**WHAT NEEDS TO BE DONE:**
Using only the entries below, output the lines starting at the one containing "Caroline Steffen of" and ending at the one containing "コンシェルジュが常駐、コミュニティ・ラウンジなどの充実した共用部分", exactly and inclusive of both, omitting the pictures.

**DATA FOR THIS EXERCISE:**
───

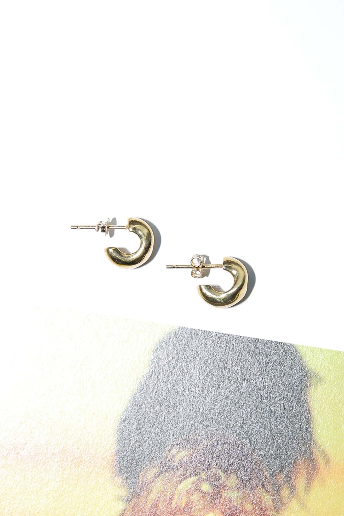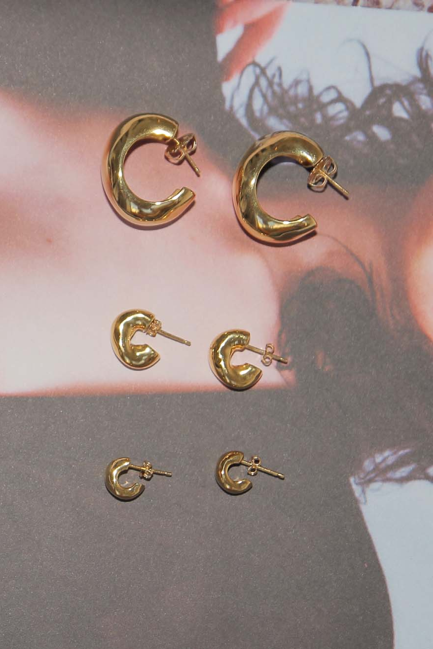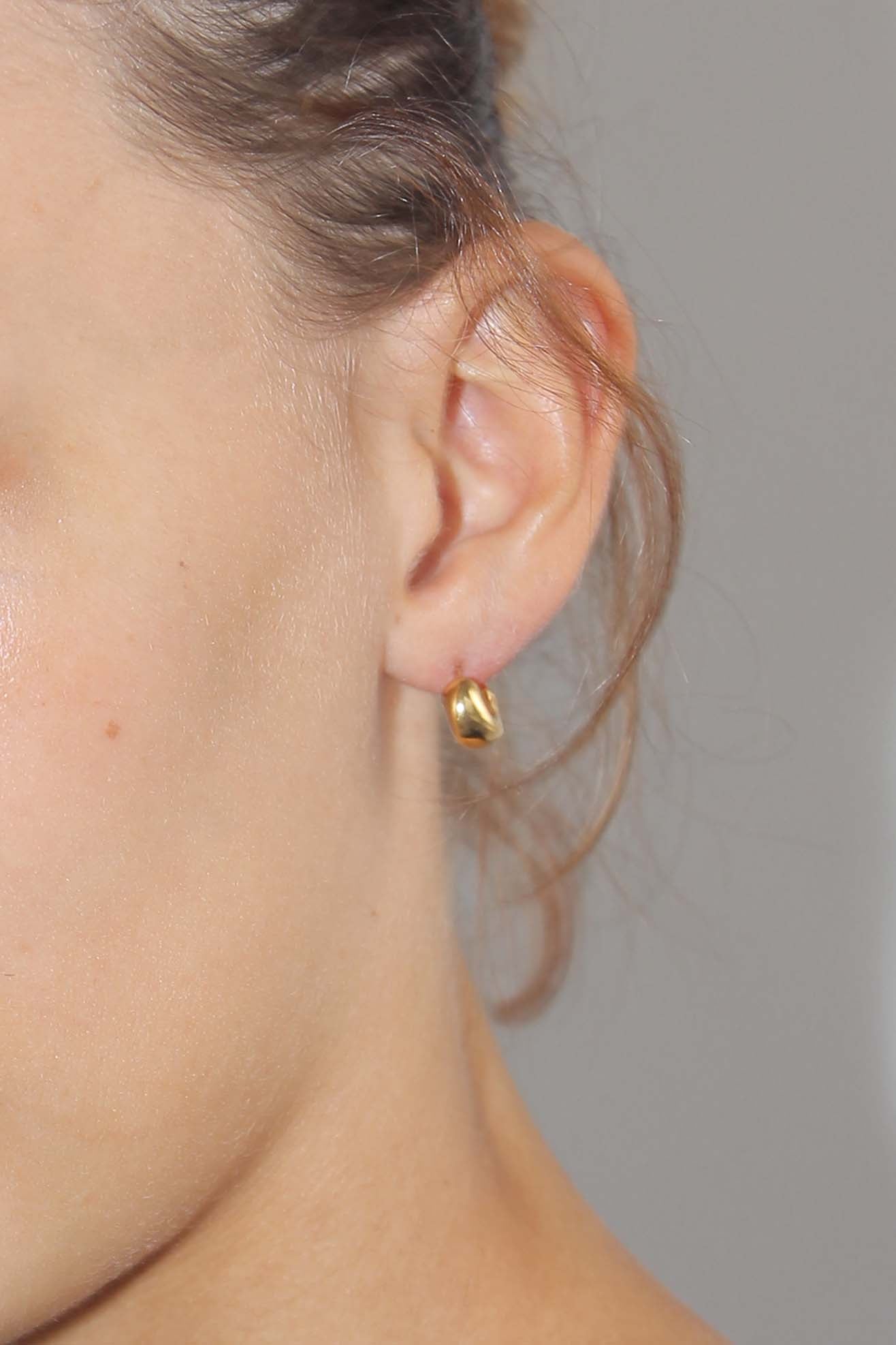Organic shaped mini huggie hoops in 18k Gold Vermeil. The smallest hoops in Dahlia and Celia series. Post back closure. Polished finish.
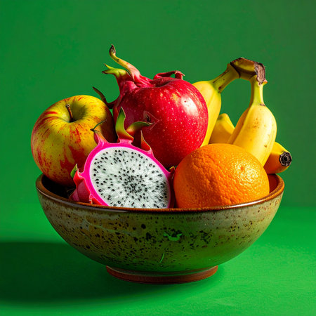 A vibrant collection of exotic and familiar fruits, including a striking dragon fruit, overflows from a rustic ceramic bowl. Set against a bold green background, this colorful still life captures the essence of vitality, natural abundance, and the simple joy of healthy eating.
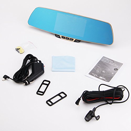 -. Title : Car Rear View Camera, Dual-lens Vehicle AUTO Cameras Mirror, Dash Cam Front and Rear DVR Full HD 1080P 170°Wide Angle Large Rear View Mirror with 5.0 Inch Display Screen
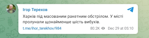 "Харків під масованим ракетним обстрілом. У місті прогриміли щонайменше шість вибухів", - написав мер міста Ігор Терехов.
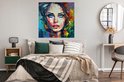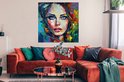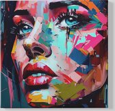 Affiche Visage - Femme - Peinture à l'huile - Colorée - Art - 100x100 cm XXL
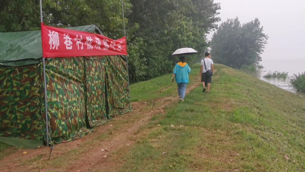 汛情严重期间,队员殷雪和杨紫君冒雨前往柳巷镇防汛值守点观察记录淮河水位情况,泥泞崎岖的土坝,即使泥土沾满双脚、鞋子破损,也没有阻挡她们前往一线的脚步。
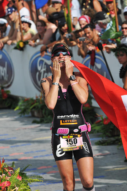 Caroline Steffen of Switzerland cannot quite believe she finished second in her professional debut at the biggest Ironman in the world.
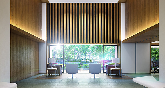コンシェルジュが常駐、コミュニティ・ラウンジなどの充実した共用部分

───

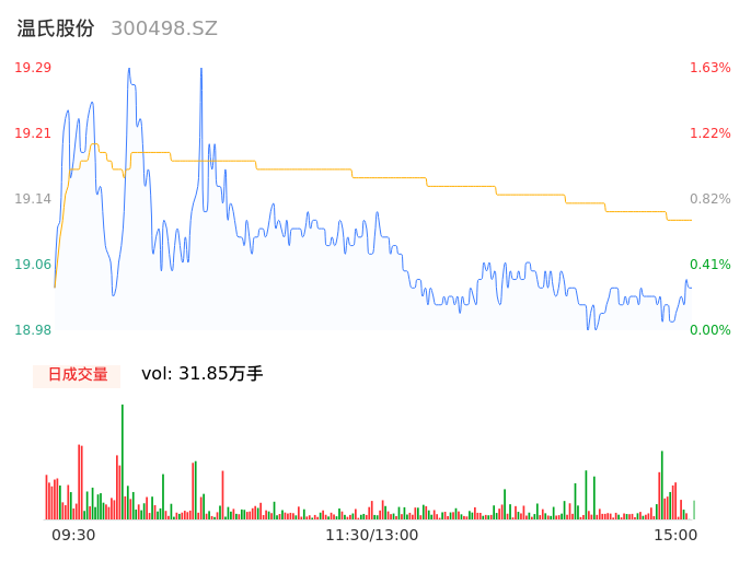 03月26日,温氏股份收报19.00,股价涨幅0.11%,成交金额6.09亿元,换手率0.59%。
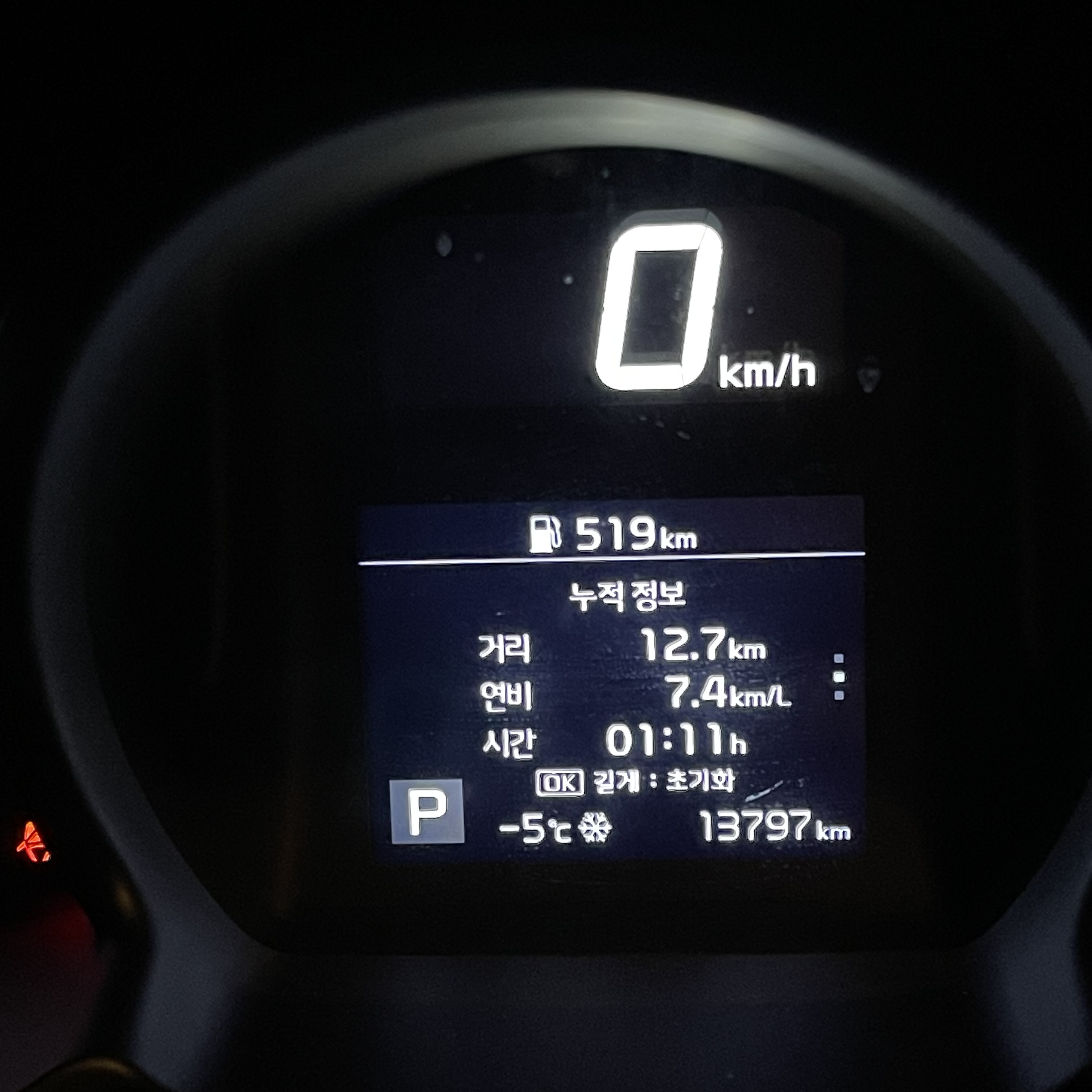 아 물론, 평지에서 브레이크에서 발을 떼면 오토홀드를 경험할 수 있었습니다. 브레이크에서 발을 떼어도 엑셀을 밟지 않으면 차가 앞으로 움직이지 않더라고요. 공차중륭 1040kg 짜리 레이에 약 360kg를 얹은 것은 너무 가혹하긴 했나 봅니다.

───

**EXERCISE ANSWER:**
 Caroline Steffen of Switzerland cannot quite believe she finished second in her professional debut at the biggest Ironman in the world.
コンシェルジュが常駐、コミュニティ・ラウンジなどの充実した共用部分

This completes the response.